------ ENTRIES SHOWN ------
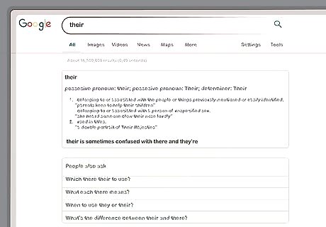 Watch out for tricky homophones, like “their” and “there.” Don’t rely on solely on spell checkers, as they usually can’t catch mixed up homophones. Check your work carefully and make sure you’ve used “there,” “their,” and “they’re” or “two,” “to,” and “too” correctly. If you have trouble keeping homophones straight, try using little memory tricks to remember which word is which. For example, to distinguish “piece” and “peace,” notice that the word “pie” is part of “piece.” Remember that you want a “piece” of pie, and that a “peace” of pie is incorrect. If you're worried about mixing up words that sound the same, search for them online. For instance, search for “their” and “there,” then find examples of correct usages in the results.
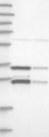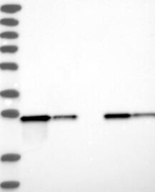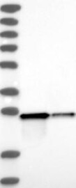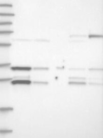 A Western blot analysis is performed on a panel of human tissues and cell lines to evaluate antibody specificity. For antibodies with unreliable result a revalidation using an over-expression lysate is performed.
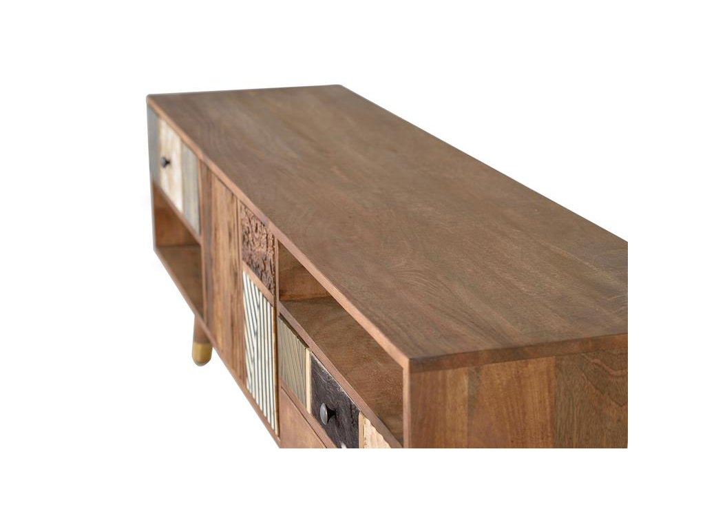Designový TV stolek Felicity je výjimečný kus nábytku, který okamžitě oživí váš interiér. Vyrobeno z kvalitního masivního mangového dřeva a doplněno o barevné prvky, působí živě a zároveň přirozeně. Jeho praktické zásuvky a otevřené police nabízí dostatek úložného prostoru pro multimediální zařízení či doplňky. Tento stolek je ideální volbou pro ty, kdo chtějí do svého domova vnést styl, barvu a kvalitní řemeslné zpracování.
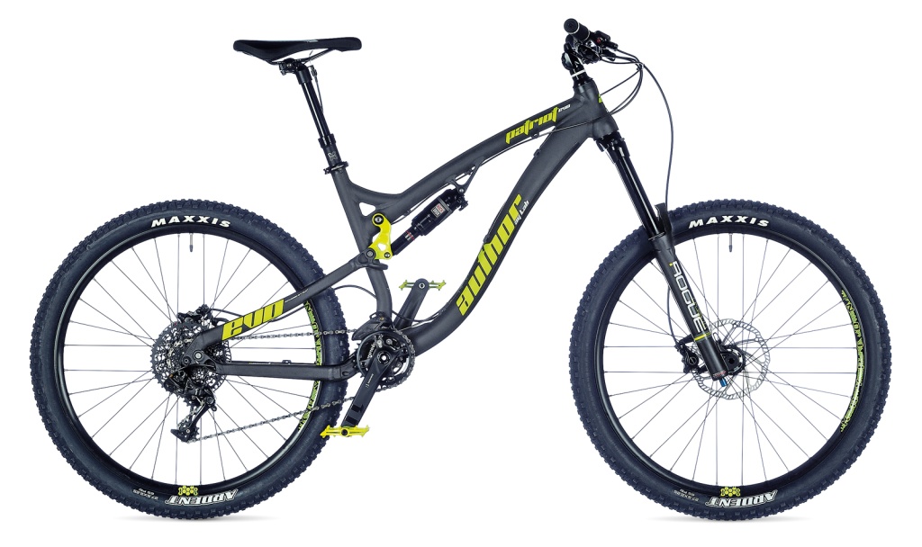 Celoodpružené kolo Author PATRIOT EVO s dvakrát zeslabovanými trubkami, vzduchovou vidlicí RST a originálním systémem DLP.
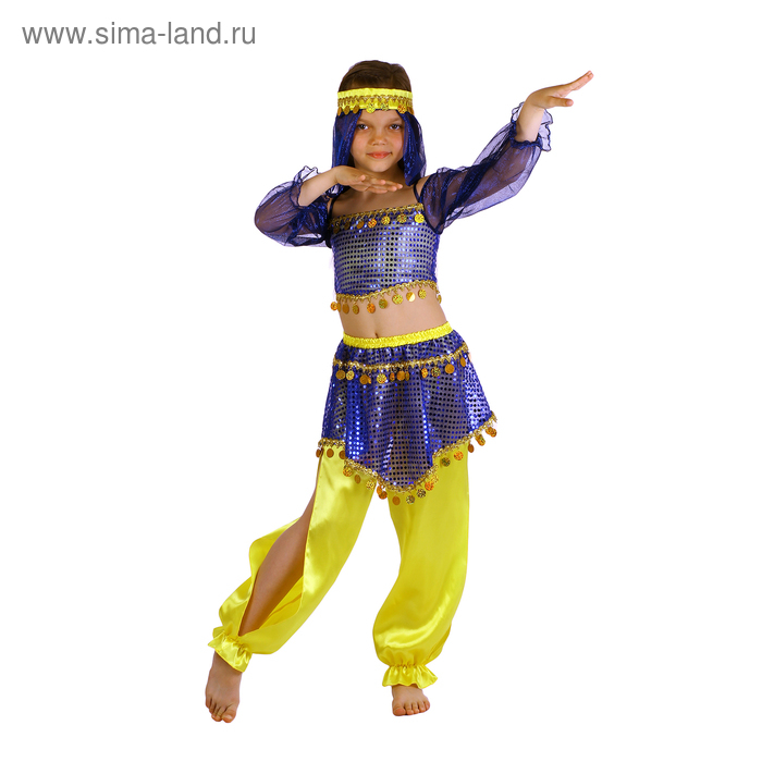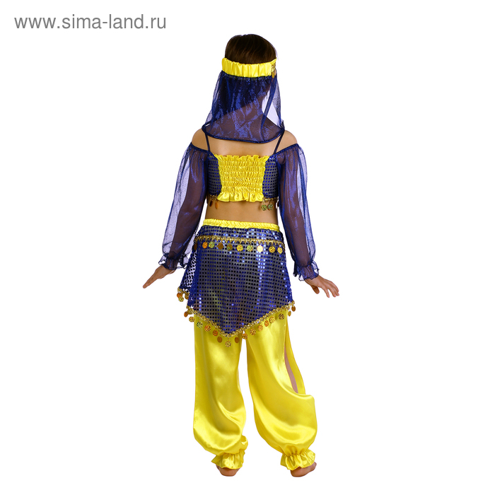 Карнавальный костюм "Восточная красавица. Шахерезада", топ с рукавами, штаны, повязка, цвет сине-жёлтый, р-р 30, рост 110-116 см
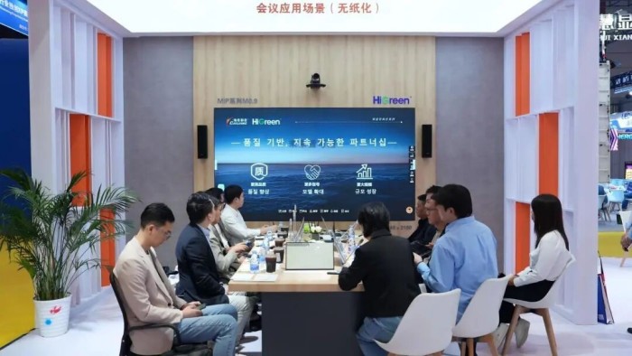 針對高端會(huì)議室對“遠(yuǎn)程協(xié)作”的嚴(yán)苛需求,HiGreen海格睿展示MIP系列M0.9LED顯示屏 + 智能陣列麥克風(fēng) + 分布式音頻處理器的深度融合方案。
------
• WHAT IS EXPECTED
In this exercise, set down all of the data exactly, without the pictures.

• ANSWER BOX
 Watch out for tricky homophones, like “their” and “there.” Don’t rely on solely on spell checkers, as they usually can’t catch mixed up homophones. Check your work carefully and make sure you’ve used “there,” “their,” and “they’re” or “two,” “to,” and “too” correctly. If you have trouble keeping homophones straight, try using little memory tricks to remember which word is which. For example, to distinguish “piece” and “peace,” notice that the word “pie” is part of “piece.” Remember that you want a “piece” of pie, and that a “peace” of pie is incorrect. If you're worried about mixing up words that sound the same, search for them online. For instance, search for “their” and “there,” then find examples of correct usages in the results.
 A Western blot analysis is performed on a panel of human tissues and cell lines to evaluate antibody specificity. For antibodies with unreliable result a revalidation using an over-expression lysate is performed.
Designový TV stolek Felicity je výjimečný kus nábytku, který okamžitě oživí váš interiér. Vyrobeno z kvalitního masivního mangového dřeva a doplněno o barevné prvky, působí živě a zároveň přirozeně. Jeho praktické zásuvky a otevřené police nabízí dostatek úložného prostoru pro multimediální zařízení či doplňky. Tento stolek je ideální volbou pro ty, kdo chtějí do svého domova vnést styl, barvu a kvalitní řemeslné zpracování.
 Celoodpružené kolo Author PATRIOT EVO s dvakrát zeslabovanými trubkami, vzduchovou vidlicí RST a originálním systémem DLP.
 Карнавальный костюм "Восточная красавица. Шахерезада", топ с рукавами, штаны, повязка, цвет сине-жёлтый, р-р 30, рост 110-116 см
 針對高端會(huì)議室對“遠(yuǎn)程協(xié)作”的嚴(yán)苛需求,HiGreen海格睿展示MIP系列M0.9LED顯示屏 + 智能陣列麥克風(fēng) + 分布式音頻處理器的深度融合方案。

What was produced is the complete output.